MS SQL Server SQL方言
和mysql sql略有不同
保留4位小数
SELECT CAST(ROUND(SUM(LAT_N), 4) AS DECIMAL(10, 4))
FROM STATION
WHERE LAT_N > 38.7880 AND LAT_N < 137.2345;
SELECT CAST(ROUND(LAT_N, 4) AS DECIMAL(10, 4))
FROM STATION
WHERE LAT_N > 38.7780
ORDER BY LAT_N ASC
OFFSET 0 ROWS FETCH NEXT 1 ROWS ONLY;
SELECT CAST(ROUND(LONG_W, 4) AS DECIMAL(10, 4))
FROM STATION
WHERE LAT_N < 137.2345
ORDER BY LAT_N DESC
OFFSET 0 ROWS FETCH NEXT 1 ROWS ONLY;
求曼哈顿距离和欧几里得距离
with t1 as(
select
min(LAT_N) as a,
min(LONG_W) as b,
max(LAT_N) as c,
max(LONG_W) as d
from station)
select CAST(ROUND(abs(a-c)+abs(b-d), 4) AS DECIMAL(10, 4))
from t1
with t1 as(
select
min(LAT_N) as a,
min(LONG_W) as b,
max(LAT_N) as c,
max(LONG_W) as d
from station)
select CAST(ROUND(sqrt(abs(a-c)*abs(a-c)+abs(b-d)*abs(b-d)), 4) AS DECIMAL(10, 4))
from t1
求中位数
SELECT CAST(ROUND(PERCENTILE_CONT(0.5) , 4) AS DECIMAL(10, 4))

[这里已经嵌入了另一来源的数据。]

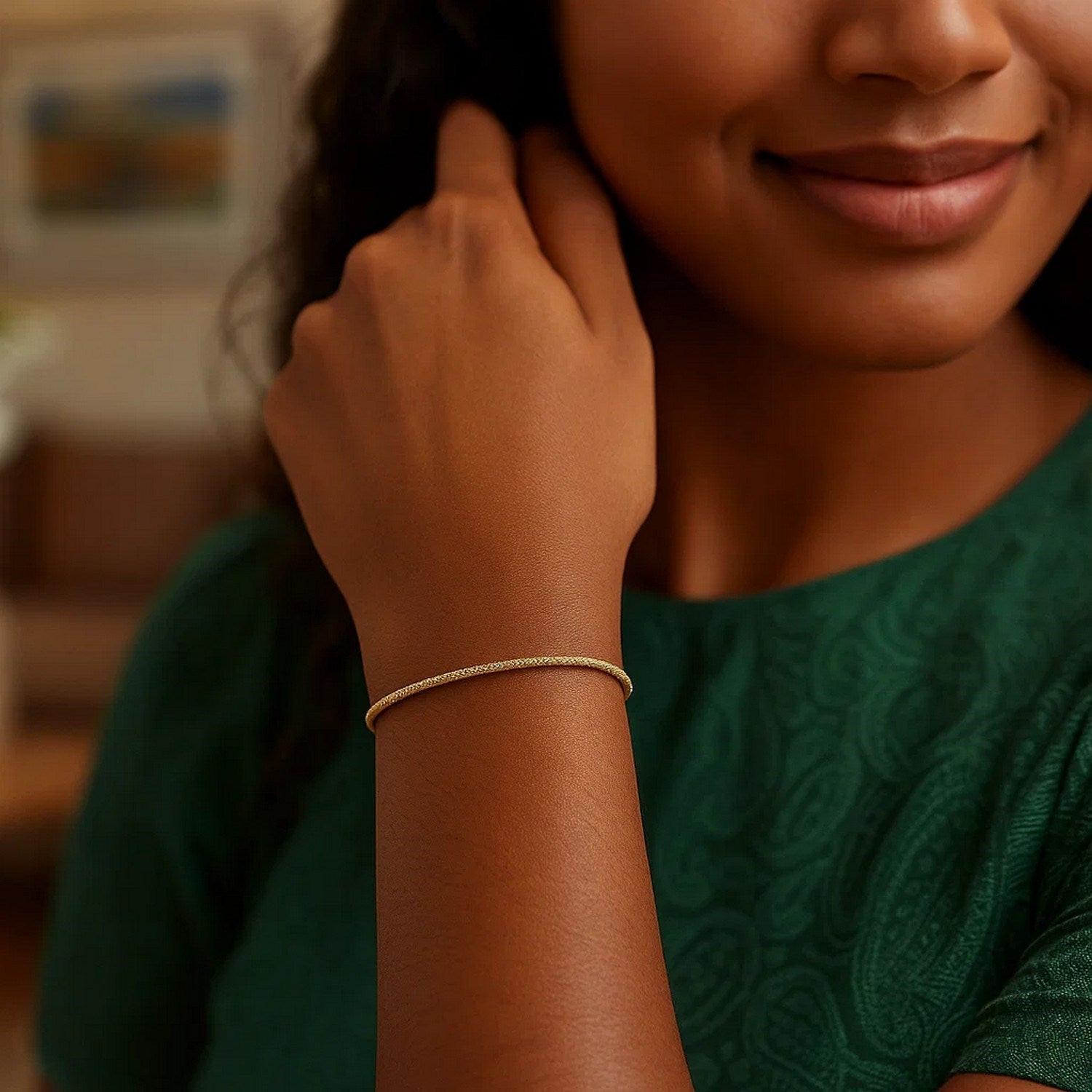 Crafted in luminous 14K yellow gold, this 1.70 mm diamond-cut sparkle spring bracelet features intricately faceted links that shimmer with every movement, offering a delicate yet eye-catching shine. Lightweight, flexible, and effortlessly elegant, it’s the perfect everyday piece for adding a touch of refined brilliance to any jewelry stack.

WITHIN GROUP (ORDER BY LAT_N) AS median_value
FROM station;
SELECT CAST(ROUND(AVG(x), 4) AS DECIMAL(10, 4))
AS Median
FROM (
SELECT TOP 50 PERCENT LAT_N AS x
FROM STATION
ORDER BY LAT_N
) AS y
WITH NumberedRows AS (
SELECT LAT_N, ROW_NUMBER() OVER (ORDER BY LAT_N) AS RowNum
FROM STATION
)
SELECT CAST(ROUND(AVG(LAT_N), 4) AS DECIMAL(10, 4)) AS Median
FROM (
SELECT LAT_N, RowNum, COUNT(*) OVER () AS TotalRows
FROM NumberedRows
) Subquery
WHERE CASE
WHEN TotalRows % 2 = 0 THEN
CASE
WHEN RowNum = TotalRows / 2 THEN 1
WHEN RowNum = TotalRows / 2 + 1 THEN 1
ELSE 0
END
ELSE
CASE
WHEN RowNum = (TotalRows + 1) / 2 THEN 1
ELSE 0
END
END = 1
with up as
(
select
lat_n,
row_number() over(order by lat_n desc) as nr_desc,
row_number() over(order by lat_n) as nr_asc
from station
)
select
CAST(ROUND(lat_n, 4) AS DECIMAL(10, 4)) as median
from up
where nr_desc = nr_asc
表联结
with t1 as(
select s.name,g.grade,s.marks
from Students s
left join Grades g
on s.marks>=g.min_mark and s.marks<=g.max_mark
)
select
(case when grade<=7 then null else name end) as name,
grade,
marks
from t1
order by grade desc,name asc
表联结,我真心建议给你的列命名的时候不要瞎命名
一次提交的提交者和一道试题的创建者你不要都用hacker_id字段啊
一次提交的分数和一道试题的满分分数你不要都用score字段啊
-- Can you name the columns in the table properly???
with t1 as(
select h.hacker_id, h.name,
s.submission_id,s.challenge_id,s.score,
c.difficulty_level,c.hacker_id as creator_id,
d.score as full_score
from hackers h
left join submissions s
on h.hacker_id=s.hacker_id
left join challenges c
on s.challenge_id=c.challenge_id
left join difficulty d
on d.difficulty_level=c.difficulty_level
)
,
t2 as(
select hacker_id,name,challenge_id,submission_id
from t1
where score=full_score)
,
t3 as (
select hacker_id,name,challenge_id,count(*) as full_score_cnt
from t2
group by hacker_id,name,challenge_id)
select hacker_id,name
from t3
group by hacker_id,name
having count(distinct challenge_id)>=2
order by count(distinct challenge_id) desc, hacker_id asc